L’Agenzia delle Entrate ha resistito con controricorso.
Ragioni della decisione
1. – Col primo motivo di ricorso, si deduce (ex art. 360 n. 4 cod. proc. civ.) la violazione dell’art. 112 cod. proc. civ., per avere la C.T.R. omesso di pronunciare sul motivo dell’appello incidentale proposto dalla società ricorrente, col quale si era dedotta la nullità dell’avviso di accertamento per il fatto che l’Agenzia delle Entrate aveva utilizzato i dati OMI senza allegarli all’atto impugnato, come – a suo dire – sarebbe imposto dall’art. 42 d.P.R. n. 600/1973.
La censura non è fondata, avendo la C.T.R. pronunciato un rigetto implicito del motivo di appello suddetto.
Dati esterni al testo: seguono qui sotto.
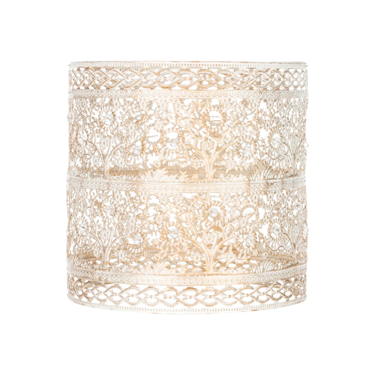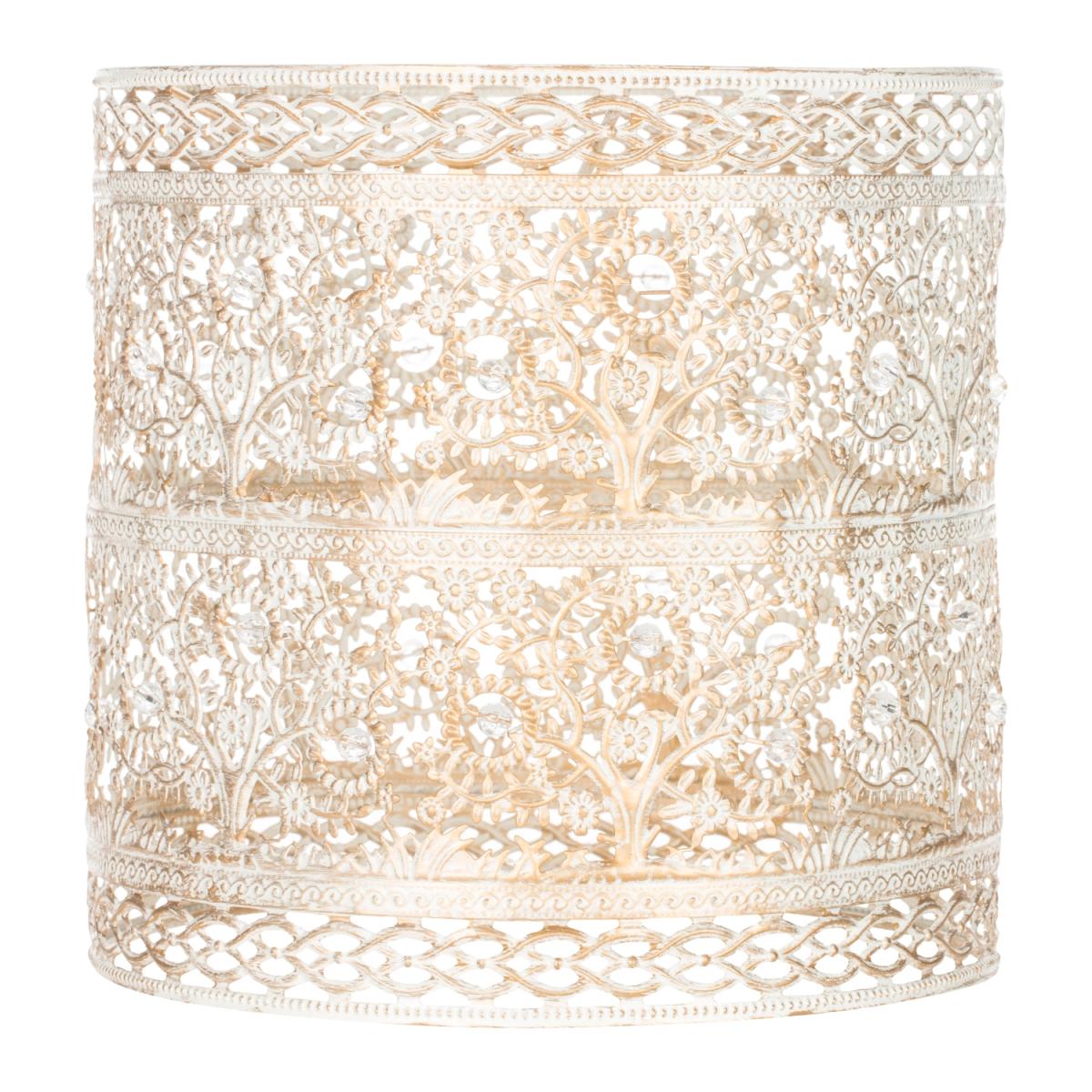 With its beautifully intricate winding tree and floral designs, this Milana Crystal Ivory Lampshade will add glamour and opulence to your room. Finished in shabby-chic ivory paint, this lamp shade is a timeless design that will look good in both traditional and contemporary interiors. When lit, light will burst through the detailed metal designs, filling your room with light and drawing attention to its stunning patterns.

In proposito, va osservato che, secondo la giurisprudenza di questa Corte, dalla quale non v’è ragione di discostarsi, in tema di accertamento dei redditi d’impresa, in seguito alla sostituzione dell’art. 39 del d.P.R. n. 600 del 1973 ad opera dell’art. 24, comma 5, della l. n. 88 del 2009, che, con effetto retroattivo, stante la sua finalità di adeguamento al diritto dell’Unione europea, ha eliminato la presunzione legale relativa (introdotta dall’art. 35, comma 3, del d.l. n. 223 del 2006, conv., con modif., dalla l. n. 248 del 2006) di corrispondenza del corrispettivo della cessione di beni immobili al valore normale degli stessi (così ripristinando il precedente quadro normativo in base al quale, in generale, l’esistenza di attività non dichiarate può essere desunta “anche sulla base di presunzioni semplici, purché queste siano gravi, precise e concordanti”), l’accertamento di un maggior reddito derivante dalla predetta cessione di beni immobili non può essere fondato soltanto sulla sussistenza di uno scostamento tra il corrispettivo dichiarato nell’atto di compravendita ed il valore normale del bene quale risulta dalle quotazioni OMI, ma richiede la sussistenza di ulteriori elementi indiziari gravi, precisi e concordanti (Cass., Sez. 5, n. 9474 del 12/04/2017; Sez. 5, n. 21813 del 07/09/2018).
Nella specie, la C.T.R., facendo applicazione di tale principio, ha ritenuto che l’avviso fosse congruamente motivato sulla base di una serie di plurimi indizi, indipendenti e ulteriori rispetto dai dati OMI; col che risulta implicitamente rigettato il motivo di appello col quale si era lamentato che la pretesa tributaria era fondata esclusivamente sui dati OMI.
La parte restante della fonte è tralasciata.